Туманский осел в кресло и сильно потер лицо ладонями. Лицо было мятое, глаза, окруженные темными кругами, глубоко ввалились, а на щеках пробивалась густая щетинка небритости.
Я снова потрогала иконку и сказала:
— У вас что тут, и психи водятся? Кто же руку-то поднял на такое?
— А вот это к вам никакого отношения не имеет… — поморщился он.
Он не просто мне рот затыкал, он словно и видеть меня здесь не хотел — уткнулся носом в пол, грыз чубук погасшей трубки.
Я подумала, повернулась к иконе, перекрестилась и начала тихонечко, припоминая Гашины уроки:
— «Пресвятая Владычица моя Богородица, святыми твоими и всесильными мольбами…»
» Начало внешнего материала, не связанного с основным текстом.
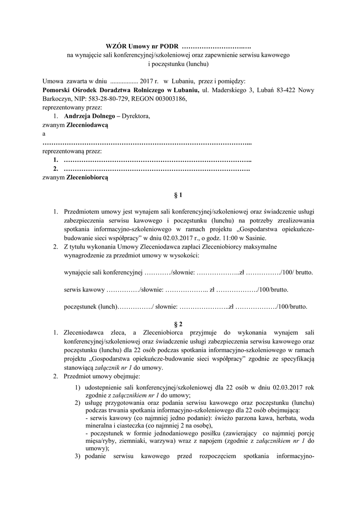 WZÓR Umowy nr PODR ……………………….…. na wynajęcie sali konferencyjnej/szkoleniowej oraz zapewnienie serwisu kawowego i poczęstunku (lunchu) Umowa zawarta w dniu ................. 2017 r. w Lubaniu, przez i pomiędzy: Pomorski Ośrodek Doradztwa Rolniczego w Lubaniu, ul. Maderskiego 3, Lubań 83-422 Nowy Barkoczyn, NIP: 583-28-80-729, REGON 003003186, reprezentowany przez: 1. Andrzeja Dolnego – Dyrektora, zwanym Zleceniodawcą a …………………………………………………………………………………... reprezentowaną przez: 1. ………………………………………………………………………….. 2. …………………………………………………………………………. zwanym Zleceniobiorcą §1 1. Przedmiotem umowy jest wynajem sali konferencyjnej/szkoleniowej oraz świadczenie usługi zabezpieczenia serwisu kawowego i poczęstunku (lunchu) na potrzeby zrealizowania spotkania informacyjno-szkoleniowego w ramach projektu „Gospodarstwa opiekuńczebudowanie sieci współpracy” w dniu 02.03.2017 r., o godz. 11:00 w Sasinie. 2. Z tytułu wykonania Umowy Zleceniodawca zapłaci Zleceniobiorcy maksymalne wynagrodzenie za przedmiot umowy w wysokości: wynajęcie sali konferencyjnej …………/słownie: ………………..zł ……………./100/ brutto. serwis kawowy ……………/słownie: ……………….. zł ………………./100/brutto. poczęstunek (lunch)……………./ słownie: …………………..zł ………………./100/brutto. §2 1. Zleceniodawca zleca, a Zleceniobiorca przyjmuje do wykonania wynajem sali konferencyjnej/szkoleniowej oraz świadczenie usługi zabezpieczenia serwisu kawowego oraz poczęstunku (lunchu) dla 22 osób podczas spotkania informacyjno-szkoleniowego w ramach projektu „Gospodarstwa opiekuńcze-budowanie sieci współpracy” zgodnie ze specyfikacją stanowiącą załącznik nr 1 do umowy. 2. Przedmiot umowy obejmuje: 1) udostepnienie sali konferencyjnej/szkoleniowej dla 22 osób w dniu 02.03.2017 rok zgodnie z załącznikiem nr 1 do umowy; 2) usługę przygotowania oraz podania serwisu kawowego oraz poczęstunku (lunchu) podczas trwania spotkania informacyjno-szkoleniowego dla 22 osób obejmującą: - serwis kawowy (co najmniej jedno podanie): świeżo parzona kawa, herbata, woda mineralna i ciasteczka (co najmniej 2 na osobę), - poczęstunek w formie jednodaniowego posiłku (zawierający co najmniej porcję mięsa/ryby, ziemniaki, warzywa) wraz z napojem (zgodnie z załącznikiem nr 1 do umowy); 3) podanie serwisu kawowego przed rozpoczęciem spotkania informacyjno- 4) 5) 6) 7) szkoleniowego oraz podanie jednodaniowego posiłku po zakończeniu spotkania informacyjno-szkoleniowego; zebrania naczyń oraz resztek pokonsumpcyjnych najpóźniej 30 min. po zakończeniu każdego spotkania; zapewnienie czystej i nieuszkodzonej zastawy stołowej ceramicznej, sztućców metalowych, szklanek, filiżanek, oraz obecności na czas trwania wydawania posiłków obsługi kelnerskiej, zachowania zasad higieny i obowiązujących przepisów sanitarnych przy przygotowywaniu posiłków, przygotowywania posiłków pełnowartościowych, ze świeżych produktów z ważnymi terminami przydatności do spożycia. 3. Wykonanie usługi będzie realizowane na terenie województwa pomorskiego w miejscowości: Sasino w terminie 02.03.2017 rok. 4. Wykonawca oświadcza, że dysponuje odpowiednią wiedzą i doświadczeniem oraz zapleczem organizacyjnym i technicznym koniecznymi do wykonania przedmiotu umowy. 5. Zleceniobiorca zrealizuje przedmiot umowy zgodnie z obowiązującymi przepisami dotyczącymi zbiorowego żywienia. 6. Zleceniobiorca zapewni Zleceniodawcy dostęp do pomieszczenia, w którym będzie świadczona usługa. 7. Zleceniobiorca odpowiada za usuwanie i utylizację odpadków, śmieci oraz innych pozostałości powstałych w związku z wykonywaniem przedmiotu umowy. 8. Zleceniobiorca odpowiada za transport przedmiotu zamówienia oraz podanie go zgodnie z wymaganiami sanitarnymi dotyczącymi żywności i żywienia. 9. Zleceniobiorca zapewni odpowiednią liczbę osób do obsługi. 10. Zleceniobiorca zapewni niezbędny sprzęt, tj. warnik, podgrzewacze, termosy, naczynia (zapewnienie czystej i nieuszkodzonej zastawy stołowej ceramicznej, sztućców metalowych, szklanek, filiżanek), obrusy, serwetki, a także inny konieczny sprzęt i materiały niezbędne do realizacji przedmiotu Umowy. §3 1. W ramach niniejszej umowy Zleceniodawca zobowiązuje się do zapłaty za należytą realizację całego przedmiotu umowy przez Zleceniobiorcę, w terminie ….. dni od daty otrzymania przez Zleceniodawcę prawidłowo wystawionego rachunku co nie może nastąpić szybciej niż po zakończeniu ww. zadania i podpisaniu przez Strony protokołu odbioru, stanowiącego załącznik nr 2 do niniejszej umowy, na rzecz Zleceniobiorcy kwoty pieniężnej wskazanej w §1 pkt.2 . 2. Strony ustalają, że za dzień zapłaty uważa się datę obciążenia rachunku Zleceniodawcy. 3. Kwota ta zostanie przekazana na konto zleceniobiorcy ……………………………………….. §4 1. Strony niniejszej umowy wyznaczą po jednym przedstawicielu odpowiedzialnym za współdziałanie i czuwanie nad właściwą realizacją postanowień umowy. a. Ze strony zleceniodawcy – Barbara Ditrich, tel. 607-143-790 b. Ze strony zleceniobiorcy – ………………., tel……………… §5 1. Strony niniejszej umowy zobowiązują się do wzajemnego poszanowania swoich interesów i udzielania sobie wszelkich informacji niezbędnych do prawidłowego wykonania postanowień umowy. 2. Strony zobowiązują się w trakcie obowiązywania niniejszej umowy do powstrzymania się od wszelkich działań, które mogłyby narazić na szwank dotychczasową renomę każdej ze Stron. §6 1. Strony zobowiązują się do dochowania tajemnicy co do treści niniejszej umowy. 2. Strony zobowiązują się ponadto do zachowania poufności i nie

— Вы что это делаете? — очумело вскинул он голову.
— Молитву творю… — смиренно сказала я. — Мы же с нею как бы погорели обе, мне досталось, ей, видите, тоже… Я так думаю, что уж она меня поймет… «…святыми твоими и всесильными мольбами отжени от мене смиренного и окаянного раба твоего…» — продолжала я.
— Нелогично! — Он сердито скалился, изображая улыбочку. — Вы же не раб, вы — рабыня! А «отжени»? Что это значит — «прогони»? Что же именно?
— «Уныние, забвение, неразумие, нерадение, и вся скверные и хульные помышления от окаянного моего сердца и помрачение ума моего», — повернувшись к нему спиной, чеканила я. — «И погаси пламень страстей моих, яко нищь есмь и окаянен, и избави мя от многих лютых воспоминаний и предприятий, и от всех действий злых освободи мя…»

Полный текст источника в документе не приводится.